Я уже знал, что у ДюКасса была усадьба на острове, в которой он, несомненно, любил отдохнуть, вернувшись после своих экспедиций по управлению миром. То, что он в ту ночь не направлялся туда, говорило, что это была простая вылазка для сбора припасов.

Была одна проблема. Внутри надстройки мой бывший собрат-тамплиер был окружен стражей. Они были суровыми охранниками, которые раздражались от приказов собирать припасы для корабля, не говоря о том, что им приходилось терпеть остроту языка Жюльена ДюКасса. Но они все же были стражниками. Я осмотрел лагерь. На противоположной стороне развели костер, который догорел почти до последних угольков. Недалеко от меня стояли ящики и бочки, и, переводя взгляд с них на костер, я понял, что их расположили так неспроста. Я не удивился, когда, заглянув внутрь, увидел там бочонки с порохом. Я потянулся к спине, где я держал пистолет, чтобы он просох. Разумеется, мой порох был мокрым, но теперь доступ к пороху открылся.
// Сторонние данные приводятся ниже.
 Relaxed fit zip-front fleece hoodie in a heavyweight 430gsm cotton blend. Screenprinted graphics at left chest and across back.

В центре лагеря находилось трое солдат. По идее, они стояли на страже, но фактически они о чем-то болтали, я не расслышал. Возможно, проклинали ДюКасса. Другие солдаты проходили мимо, увеличивая гору запасов: в основном то были дрова, щепки, анкерки для пресной воды, которую набрали у ближайшего ручья. Держу пари, совсем не жаркое из дикой свиньи, на которое уповал ДюКасс.
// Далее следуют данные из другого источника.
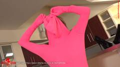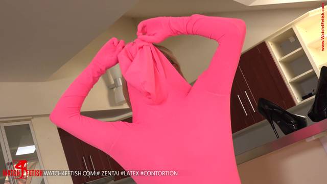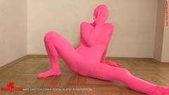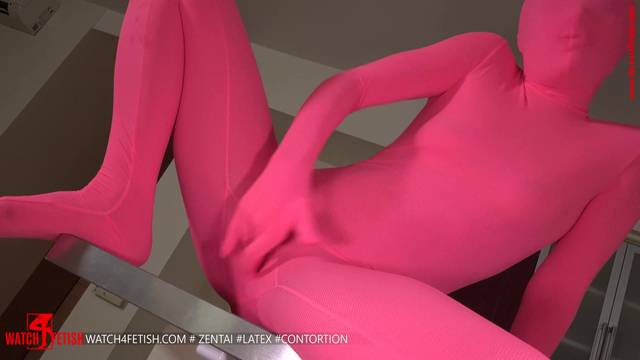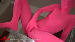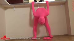 Essa linda loira usa seu traje de fetiche rosa para tocar sua buceta enquanto desaparece dentro dela!

Оставаясь в тенях и следя одним глазом за передвижением людей, я подкрался к бочонкам и выдолбил в самом нижнем отверстие, достаточное большое, чтобы наполнить руки и создать дорожку из пороха, которую я стал прокладывать, передвигаясь по краю лагеря до тех пор, пока не приблизился к костру настолько близко, насколько хватало смелости. Моя пороховая полоса описывала полукруг, по которому я вернулся к бочонкам пороха. По другую сторону этого круга находилась надстройка, где сидел ДюКасс, напиваясь и мечтая о великих планах тамплиеров по захвату мира — и громко браня своих норовистых людей.
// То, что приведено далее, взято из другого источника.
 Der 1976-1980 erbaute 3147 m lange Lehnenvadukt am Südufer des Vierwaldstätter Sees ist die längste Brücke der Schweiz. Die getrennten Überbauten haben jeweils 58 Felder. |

Итак, у меня был костёр. У меня также была дорожка пороха, которая шла от костра через заросли и бочонки. А ещё у меня были люди, готовые вот-вот взлететь на воздух, и Жюльен ДюКасс, ожидающий моей расплаты. И теперь всё, что мне оставалось сделать, это устроить всё так, чтобы никто из этих грубоватых вояк не увидел мой импровизированный фитиль до того, как взорвётся порох.

Крадучись, я обогнул костёр и затем подкинул светящийся уголёк на конец пороховой дорожки. Звук от этого показался мне столь громким в ночи, что я весь сжался и возблагодарил Бога за то, что солдаты производили так много шума. Пока огонь двигался от меня по линии пороха, я надеялся, что я невольно не повредил дорожку, надеялся, что я случайно не испортил порох чем-нибудь мокрым; я также надеялся, что какому-нибудь солдату не взбредёт в голову явиться назад именно в этот момент…

Один всё же явился. Он нёс какую-то тару, может быть, с фруктами. Однако то ли запах, то ли шум предупредили его, и он остановился на краю поляны, уставившись себе под ноги, мимо которых как раз проскочил огонь по дорожке пороха.

Он поднял глаза и уже открыл было рот, чтобы позвать на помощь, когда я выхватил кинжал из-за пояса, замахнулся и бросил его. Спасибо Господу за все те полуденные часы, потраченные на порчу деревьев в Бристоле. Спасибо Господу, ибо нож пронзил солдата где-то выше ключицы — не слишком аккуратный бросок, но он всё же сделал своё дело — вместо того, чтобы поднять тревогу, солдат издал сдавленный, приглушённый звук и рухнул на колени, прижимая ладони к своей шее.

Шум падающего тела, грохочущей миски и катящихся по земле фруктов привлёк внимание людей на поляне, и те обернулись в поисках его источника. К моему удивлению они все были начеку, но всё это не имело значения, потому что, даже сняв мушкеты с плеч и услышав крик, они так и не сообразили, что их поразило.

Едва я успел отвернуться, зажать уши руками и пригнуться, как на поляне прогремел взрыв. Что-то ударило меня в спину. Что-то мягкое и влажное, о чём мне даже думать не хотелось. Вдалеке послышались крики. Я знал, люди прибудут сюда в любой момент, поэтому я развернулся и рванул через поляну, мимо взорванных изувеченных и расчленённых тел солдат (большинство из них были мертвы, однако некоторые умоляли о смерти), продираясь через густой чёрный дым, застилавший поляну и заполнивший воздух угольками.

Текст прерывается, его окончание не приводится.